**TASK INPUTS**

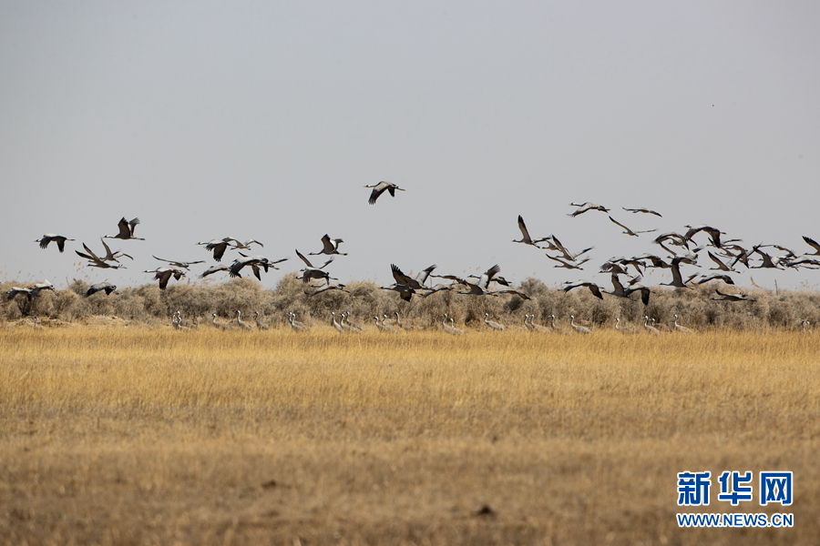 攝影愛好者在都蘭縣巴隆鄉(xiāng)境內(nèi)拍攝到的灰鶴。新華網(wǎng) 松太加 攝
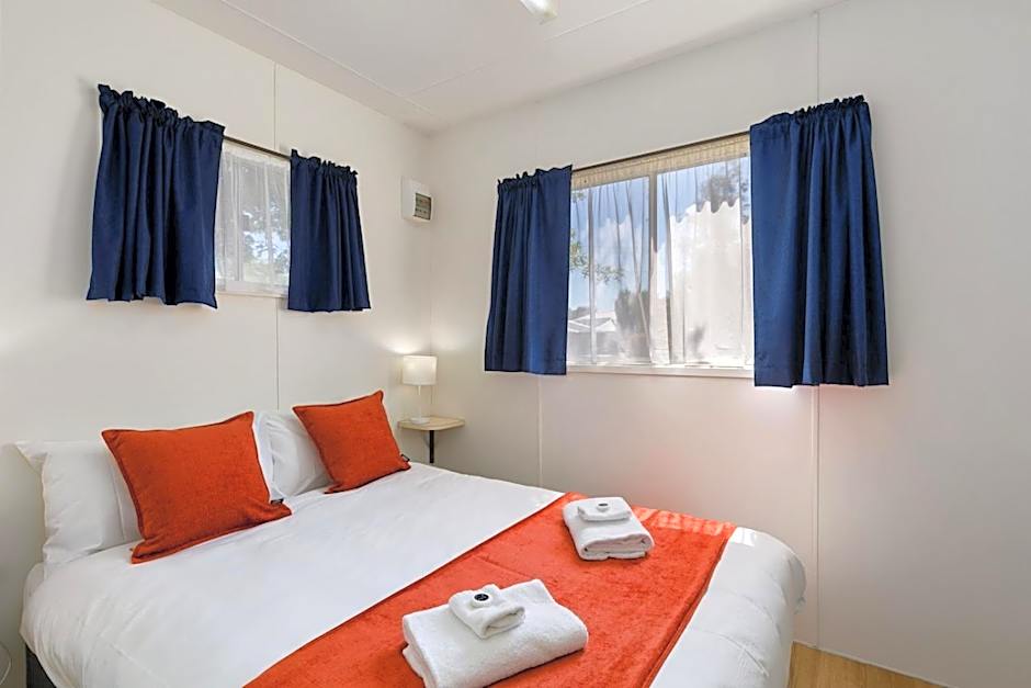 Nice little holiday park. We stayed in a small cabin with our 2.5 yo. It was spacious for a studio and very clean. Bed was comfy, clean linen. Small kitchenette with all that you need - fridge, stovetop, pots, dinnerware, toaster, electric kettle. Heater is good (weather was cool at night, so this was great). Shower was good. Toilet has heat lights which are great for the cold weather. Location was good if you need to be close to town - walking distance to the pubs! There is a playground for the kids and a nice clean pool for the warmer months (we didn't use it but it looked nice) We had a good stay overall.
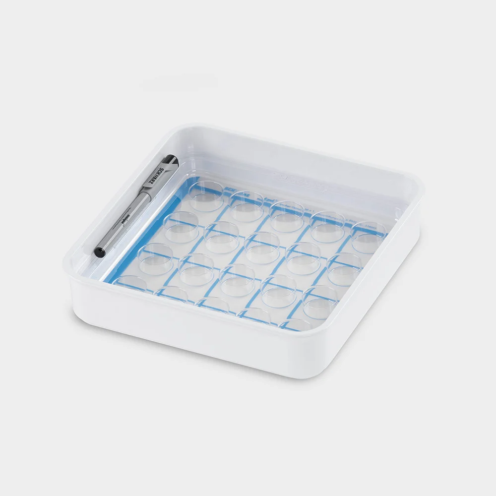 mit Tablett-Einsatz für 20 Becher Tabletten oder Tropfen Beschriftungsfolie und Folienstift Maße: L 253 x B 253 x H 55 mm
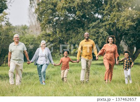Portrait, holding hands and happy family at a park walking, bond and having fun in nature together. Love, smile and children with parents, grandparents and freedom, support and trust on forest walk
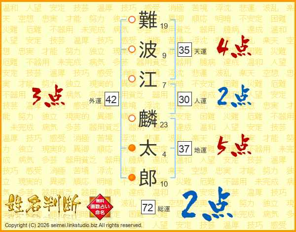 難波江麟太郎さんの天運は35画の4点!
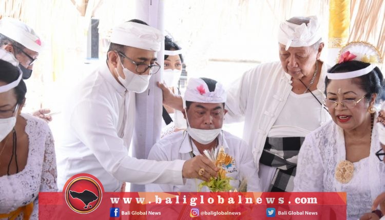 Walikota Jaya Negara berkesempatan mengikuti rangkaian prosesi “Ngajum Puspa” bersama Manggala Karya sekaligus Penglingsir Puri Agung Denpasar, Anak Agung Ngurah Oka Ratmadi.
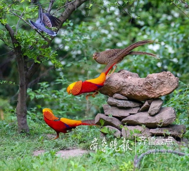 红腹锦鸡也叫金鸡,是雉类中最为美丽漂亮的一种鸟类,也是我国独有的珍贵品种。这种鸟完全是在野生鸟,它全身羽毛颜色互相衬托,赤橙黄绿青蓝紫俱全,光彩夺目,是驰名中外的观赏鸟类。
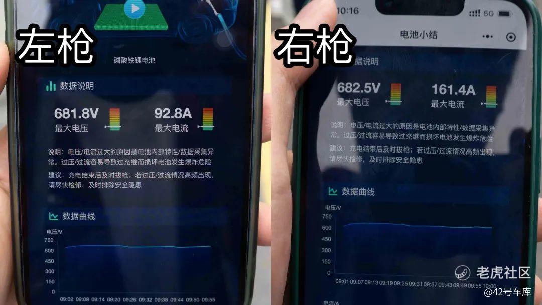 充电过程中,左枪额定功率为 60 kW,实测最大电流 98.2 A,最大电压 681.8 V,功率达到 66.9 kW。右枪额定功率为 120 kW,实测最大电流 161.4 A,最大电压 682.5 V,功率达到 110.2 kW。双枪合计最大功率为 177.1 kW,已经超过了官方宣称的 166 kW 了。而且当 SOC 为 25% 的时候就已经达到了 167 kW 的峰值功率,实测效率非常可观,而且对于 103 kWh 的大电池来说确实具有意义。
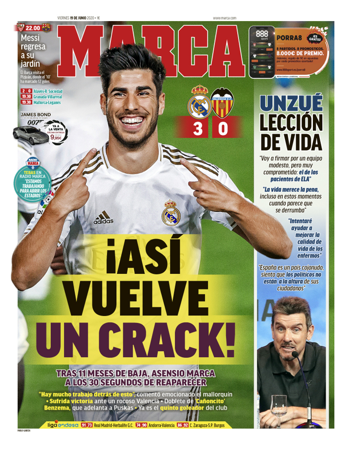 Now, Asensio's back amongst his teammates and back amongst the goals, but it hasn't been easy.
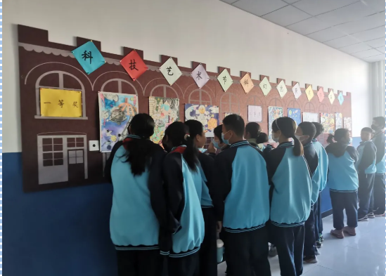 教学楼的公告栏中展出了一幅幅想象奇特、色彩斑斓的获奖科幻画,为孩子们的梦想插上了翅膀,成为校园里一道靓丽的风景线。走近作品展示长廊,呈现在眼前的不仅仅是一件件“无声胜有声”的作品,更是学生们对未来科学技术蓬勃发展的信心,同时也凝聚着学生们的美育成果。
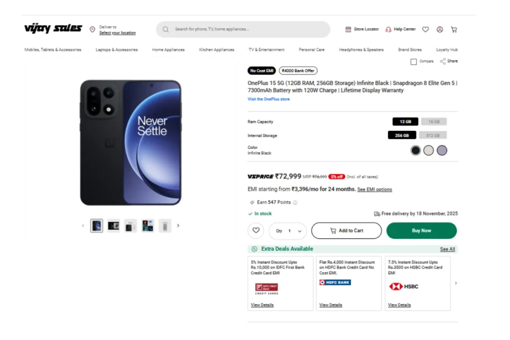 विजय सेल्स पर कितनी है वनप्लस 15 5जी की कीमत
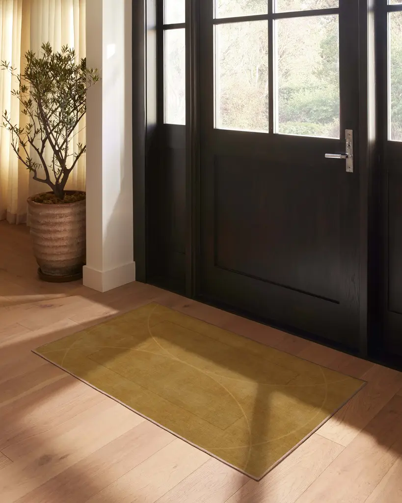 The perfect time for a refresh is now with our Architectural Digest Ayla Gold Rug. Inspired by the works of French jewelry maker Jean Despres, this art deco-inspired design features intersecting arcs and lines that create a balanced field. This symmetrical style has a metallic feel through its gradients and textures. Its monochromatic palette of gold shades features linework that varies in lightness and darkness. Water-resistant, stain-resistant, and machine-washable. Rug colors may vary slightly according to your device and the lighting in your space.
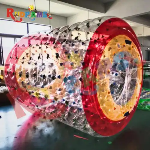 Multicolor TPU Water Roller, 9x11 ft, accommodates 6-7 persons. Features a cylindrical design, ropes, and includes a blower and repair kit.
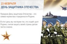 Сегодня разговоры о важном в 5а классе были посвящены празднику "День защитника Отечества". Говорили об истории Дня защитника Отечества, роли армии в защите страны, ее миротворческой миссии. Выполняя интерактивное задание, познакомились с современным вооружением российской армии – одной из сильнейших армий мира. Высказывали мнение о ценностях, которые характеризуют воинов русской, советской и российской армии, говорили об отличительных качествах русского солдата: любви к Отечеству, боевом духе, патриотизме, целеустремленности, стойкости, сплоченности, силе воли. Вспоминали героев, которые защищали Отечество на протяжении его многовековой истории. Говорили о военной науке, рассказывали об известных военных профессиях и профессиях будущего. В конце занятия обучающиеся пришли к выводу о важной роли Вооруженных сил Российской Федерации, которые обеспечивают безопасность государства и его граждан, защищают право народов России жить согласно историческим традициям и многовековым духовно-нравственным ценностям.
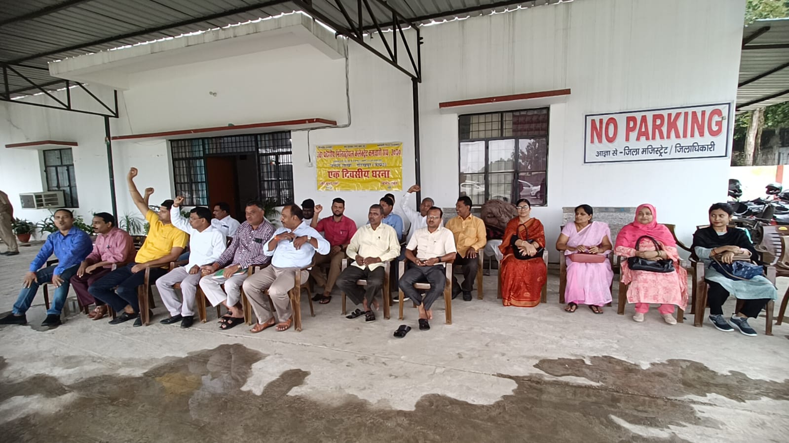 कलेक्ट्रेट कर्मचारी एक दिवसीय धरने पर बैठे
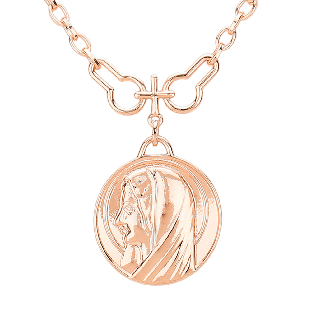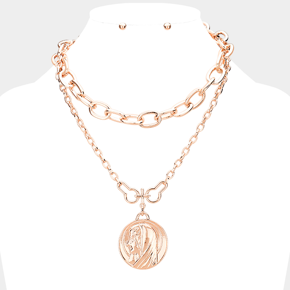 Layered Saint Mary Metal Pendant Necklace
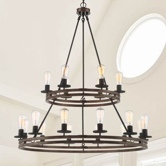 Jasper 18-Light Wagon Wheel Tiered Chandelier with Wood Accents UL Listed
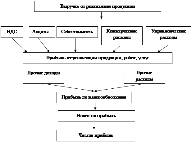 Для формирования прибыли важное значение имеет определение момента реализации продукции. В отдельных законодательных актах по - разному трактуется момент реализации. Однако независимо от принятой трактовки момента реализации в законодательных актах, формирование на предприятии прибыли от реализации продукции имеет место только при условии реальной реализации, то есть при зачислении средств от покупателя на расчетный счет поставщика. Определение момента реализации по дате отгрузки товаров и связанное при этом возникновение налоговых обязательств сопровождается отвлечением оборотных средствпредприятий на уплату налогов, ухудшением их финансового состояния. Формирование прибыли выглядит таким образом (рисунок 1).
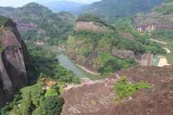 Danxia landforms cover several provinces in southeast China. Taining County, Fujian Province, has very good examples of "young" danxia landforms wherein deep, narrow valleys have been formed. As the landform gets older, valleys widen and one gets isolated towers and ridges. The danxia landform is named after Mount Danxia, one of the most famous examples of the danxia landform. A very peculiar feature of danxia landscape is the development of numerous caves of various sizes and shapes. The caves tend to be shallow and isolated, unlike true karst terrain where caves tend to form deep, interconnecting networks. In 2010, several danxia landscapes in southern China, with a general name of "China Danxia", were inscribed as a World Heritage Site.[5] The six inscribed danxia landform areas are: Mount Langshan and Mount Wanfo (Hunan Province), Mount Danxia (Guangdong Province), Taining and Mount Guanzhi (Fujian Province), Mount Longhu and Guifeng (Jiangxi Province), Fangyan, Mount Jianglang (Zhejiang Province), and Mount Chishui (Guizhou Province). The total core area of 6 regions above is 73,945 hectares (182,720 acres), and the total buffer area is 65,446 hectares (161,720 acres).[1] Other notable danxia areas, such as Zhangye Danxia National Geological Park, are not included in the World Heritage Site.
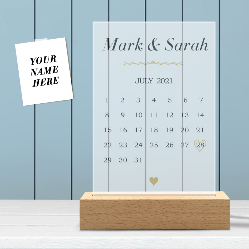 Calendar Night Light Personalized Lamp With Name Anniversary Gifts
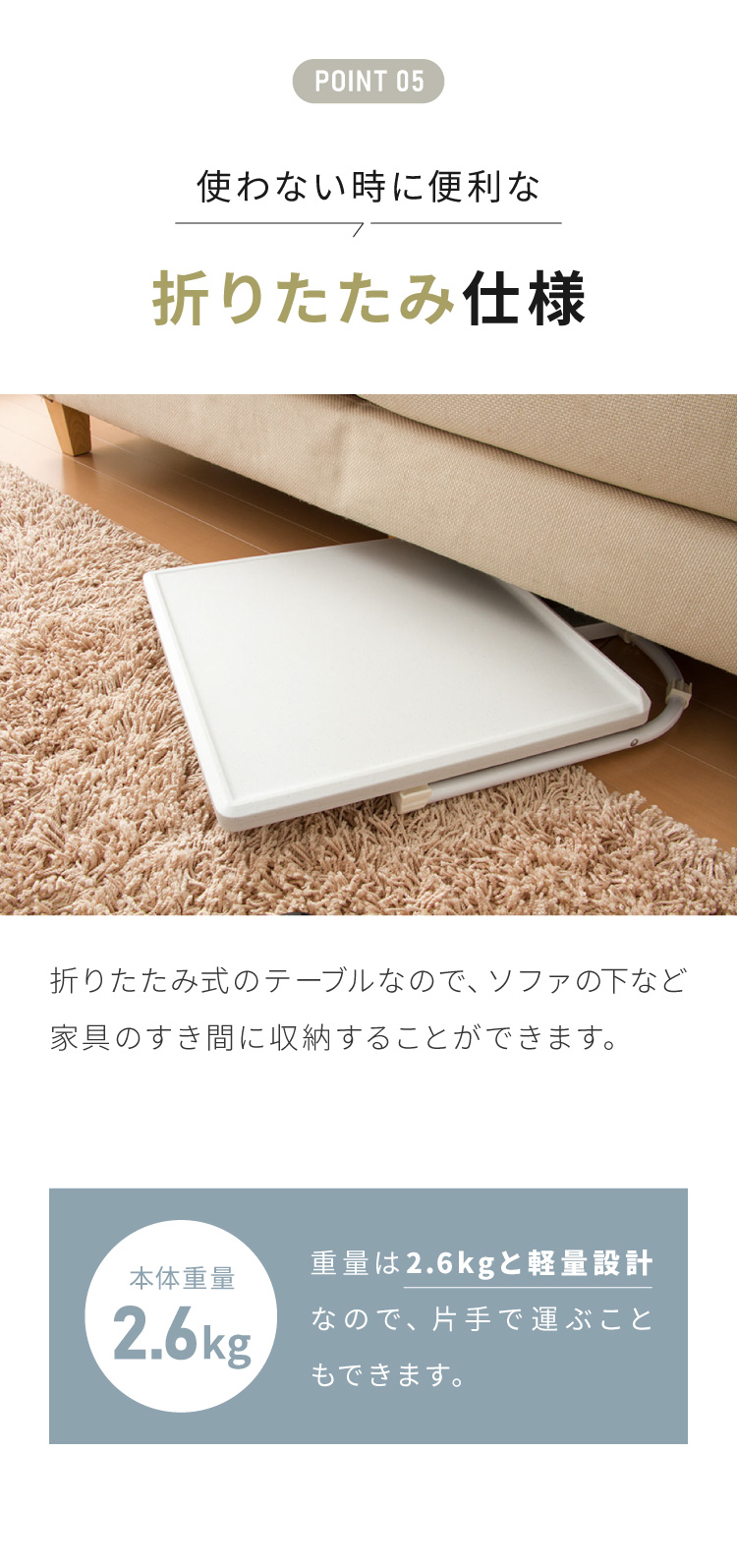折り畳むと厚み8cmになり、隙間に簡単収納ができます。
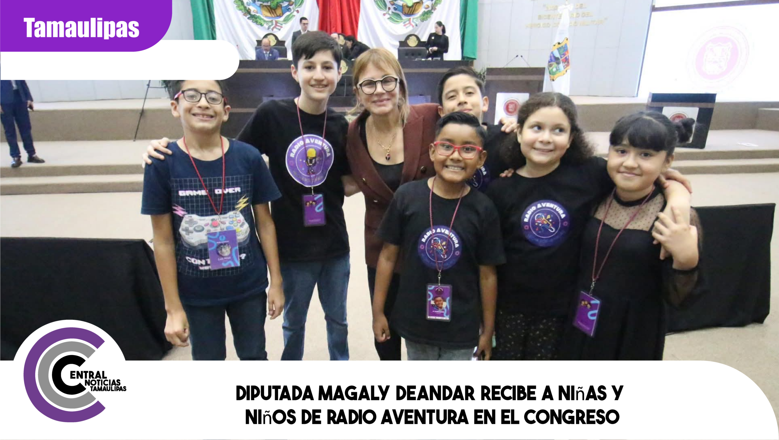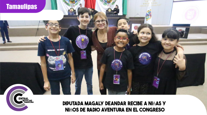 Reynosa, Tamaulipas.– La diputada local por Reynosa, Magaly Deandar, dio la bienvenida en el Congreso del Estado a niñas y niños integrantes del programa Radio Aventura Tamaulipas, un espacio protagonizado por infancias destacadas de la entidad.
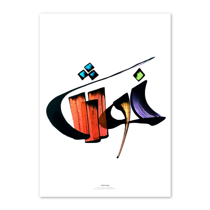 This is an open edition print from Mehdi Naghavi's calligraphic works. All orders are carefully packed in a protective card board tube, shipped with tracking number and insurance. The artwork is printed on Albrecht Dürer 210 gsm, an Acid- and lignin-free paper from Hahnemühle with a textured, Matt surface. The printer used to ensure long lasting beauty and value is Canon iPF8400, a large format inkjet printer using Canon's Lucia Ex pigment based archival inks, providing extremely rich colors and a first-class deep black.
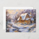 cosy farmhouse nestled in snowy mountains with a gentle stream, captured in a serene oil painting style.

**WHAT YOU ARE ASKED TO DO**
In the listing above, find the line with "教学楼的公告栏中展出了一幅幅" and output it and every line after it up to and including the line with "विजय सेल्स पर कितनी है वनप्लस 15 5जी की कीमत", exactly, minus the pictures.

**WRITTEN RESPONSE**
 教学楼的公告栏中展出了一幅幅想象奇特、色彩斑斓的获奖科幻画,为孩子们的梦想插上了翅膀,成为校园里一道靓丽的风景线。走近作品展示长廊,呈现在眼前的不仅仅是一件件“无声胜有声”的作品,更是学生们对未来科学技术蓬勃发展的信心,同时也凝聚着学生们的美育成果。
 विजय सेल्स पर कितनी है वनप्लस 15 5जी की कीमत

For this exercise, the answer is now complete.